А сам попятился назад и через мгновение выскочил на улицу. Миля стояла, шатаясь, искала руками опору. Надо было бы подать ей руку, однако Ражный знал, что делать это сейчас опасно: мертвящий холод жжёт сильнее огня, и только от прикосновения к ней можно выжечь всю энергию, с такими трудами добытую.
Влюблённый, но дикий по природе младший Трапезников интуитивно почувствовал это и бежал от страха.
Миля неуверенно шагнула вперёд, попыталась дотянуться до крюков, на которые вешали туши битых зверей, но промахнулась, потеряла едва появившееся равновесие и плашмя упала на бетон. Боли она не ощутила — не ойкнула, не застонала, поскольку тело ещё оставалось бесчувственным, лишь протянула руку к Ражному.
— Помоги мне встать…
Макс орал на улице, как ошпаренный, бессвязно, на одной ноте; ему в унисон орали гончаки в вольере и Люта на цепи.
Ражный тяжело вздохнул и все-таки подхватил Милю на руки, хотел уложить на поддон, однако ощутил слабое сопротивление ледяного тела.
— Согрей меня… Вынеси на улицу. Хочу к огню… Я мёрзну!
— Погоди немного, — сквозь стиснутые, сведённые ледяной судорогой зубы процедил он. — Ещё рано под звезды, душа вылетит. Ты снова умрёшь…
Она поняла, сразу же смирилась, намертво обхватила шею, хотя говорила слабо и казалась немощной.
— Тогда подержи на руках… От тебя идёт тепло. Состояние Правила было близко; ещё бы неделю тренировок на станке, и Ражный смог бы взлетать над землёй без помощи верёвок и противовесов. И сейчас, накануне решающего, второго поединка, да ещё не в своей вотчине, где проходил первый, а на чужбине, вот так, бездарно отдавать почти достигнутую подъёмную силу, высокую, космическую энергию было преступно и бессмысленно.

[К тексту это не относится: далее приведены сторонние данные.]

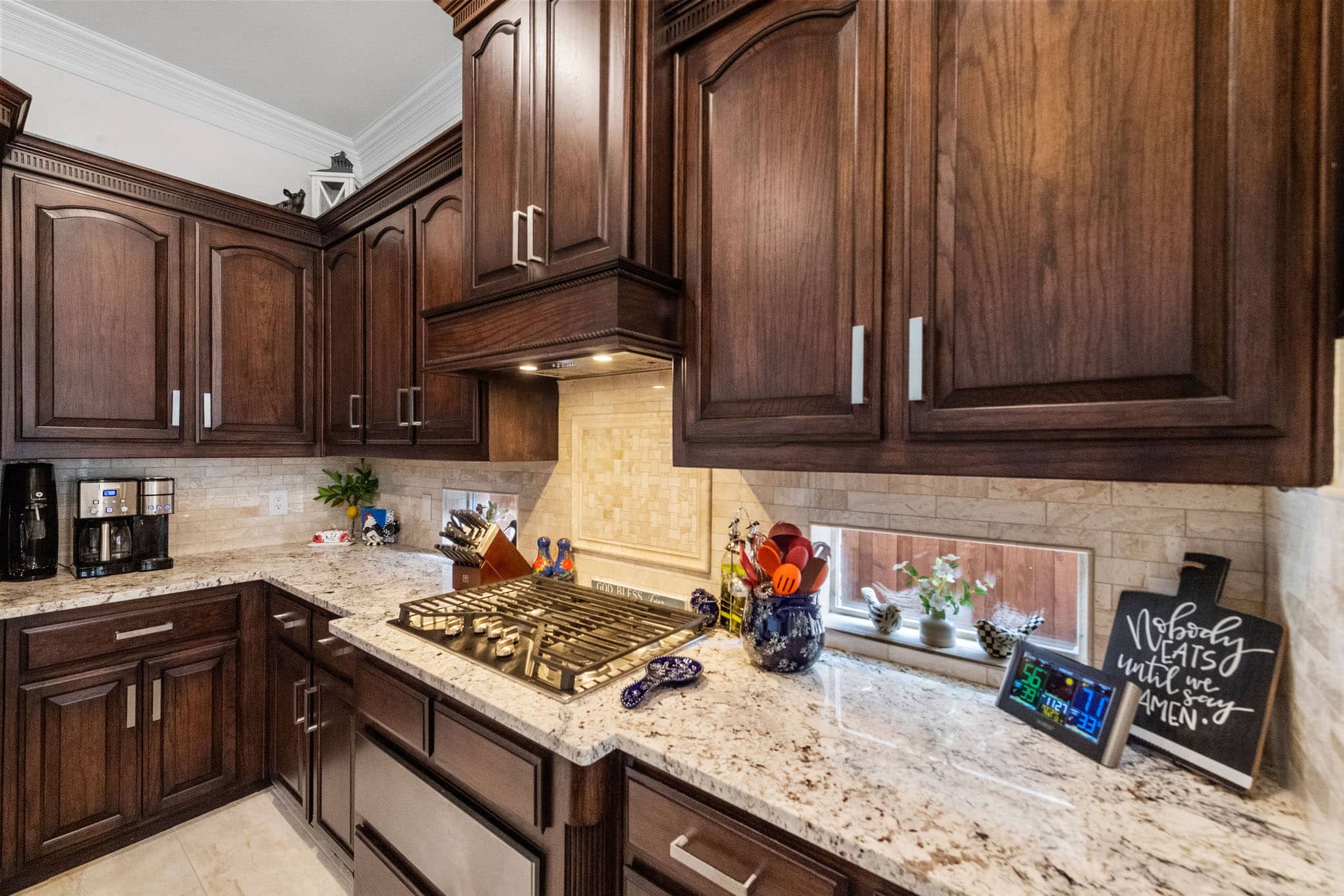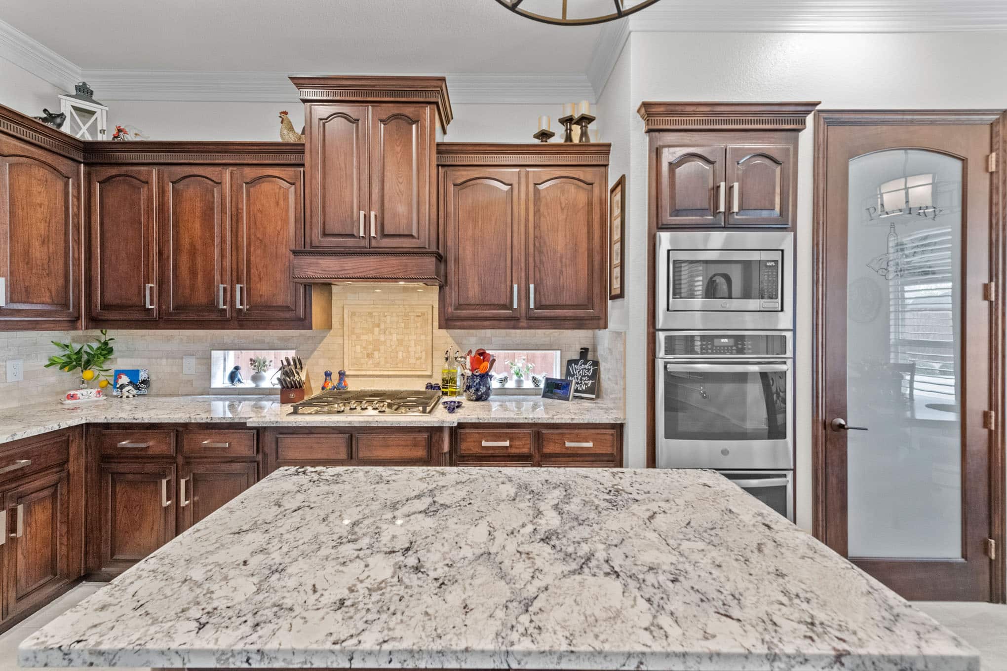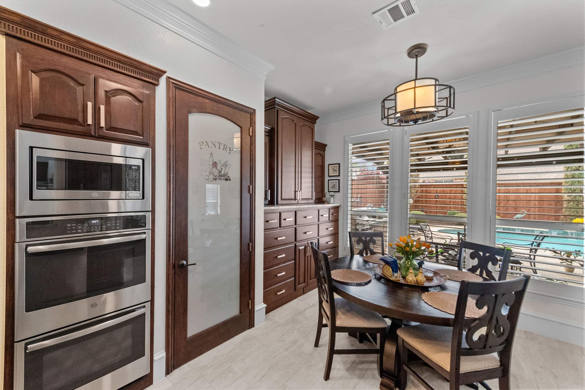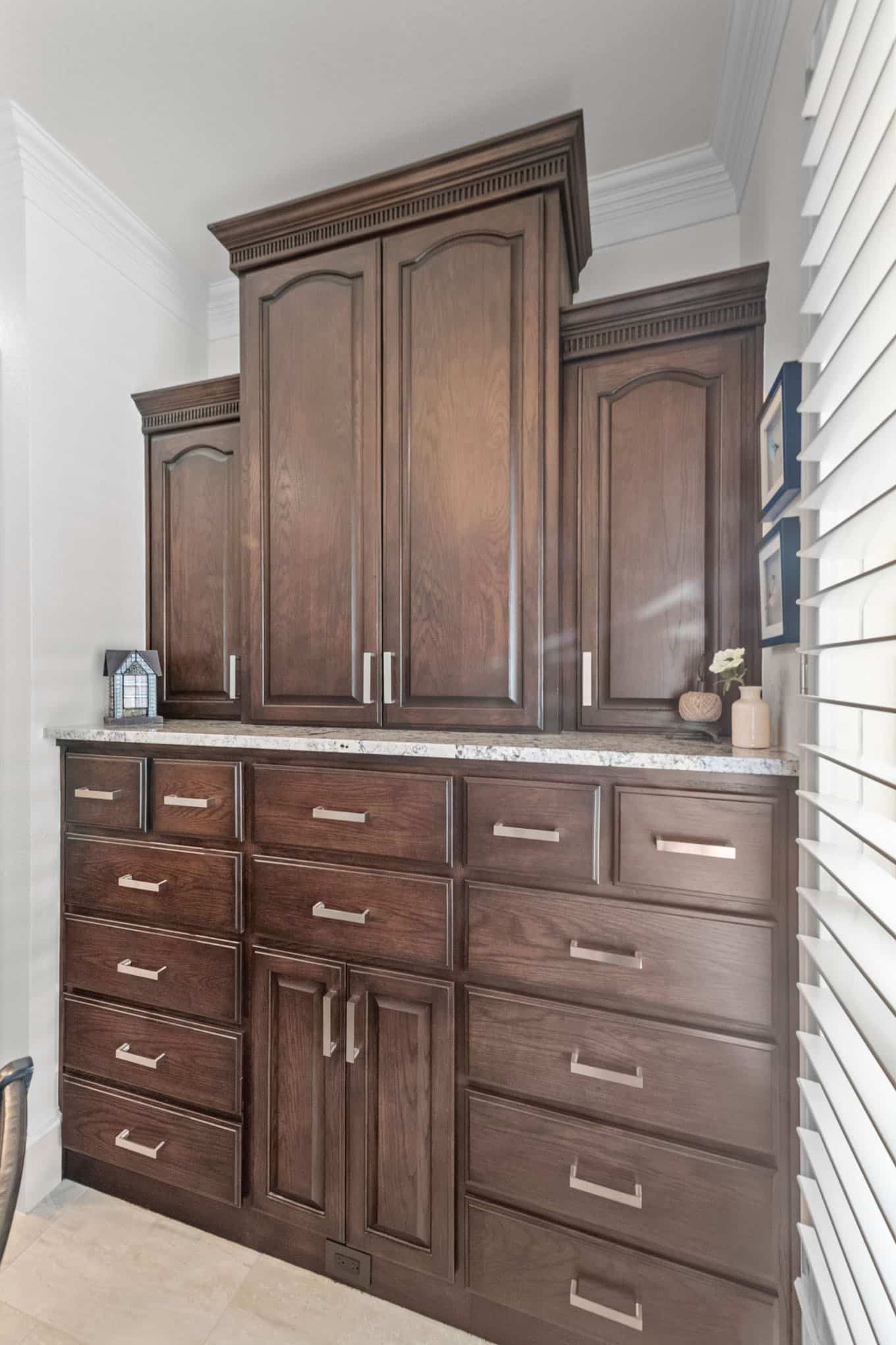 This elegant Frisco transformation showcases Elite Remodeling’s commitment to traditional craftsmanship blended with modern functionality. The expansive kitchen renovation features rich walnut cabinetry complemented by luminous white granite countertops, creating a timeless aesthetic with contemporary appeal. Professional-grade stainless steel appliances and distinctive lighting fixtures with industrial-inspired elements enhance both performance and visual interest. The thoughtfully designed layout creates multiple work zones, including a central island and breakfast nook, perfect for both entertaining and everyday living.

Тем более, перевоплощать её в тепло, дабы согреть мёртвое тело.
Но и у костра, у самого живого огня Милю было не согреть, не разбудить жизнь в остывшем теле, куда волк загнал почти освободившуюся душу. И она, эта душа, чувствуя живительную силу, тянулась к ней, заставляла стучать ледяное сердце, двигаться омертвевшие мышцы.
Она будила, давала ток ещё теплеющей крови в жилах…
— Я согреваюсь… Я согреваюсь, — бормотала воскресающая.
Энергия Правила уносилась в трубу, как радужная пыльца, созревшая и теперь сорванная с цветов сильным ветром. Однако он чувствовал, как горячеет её сердце и потеплевшая кровь медленно оживляет плоть.
И это чувство неожиданным образом замещало утрату силы, казалось восхитительным, так что он держал сжавшееся в эмбрион тельце на руках и, пользуясь темнотой, улыбался.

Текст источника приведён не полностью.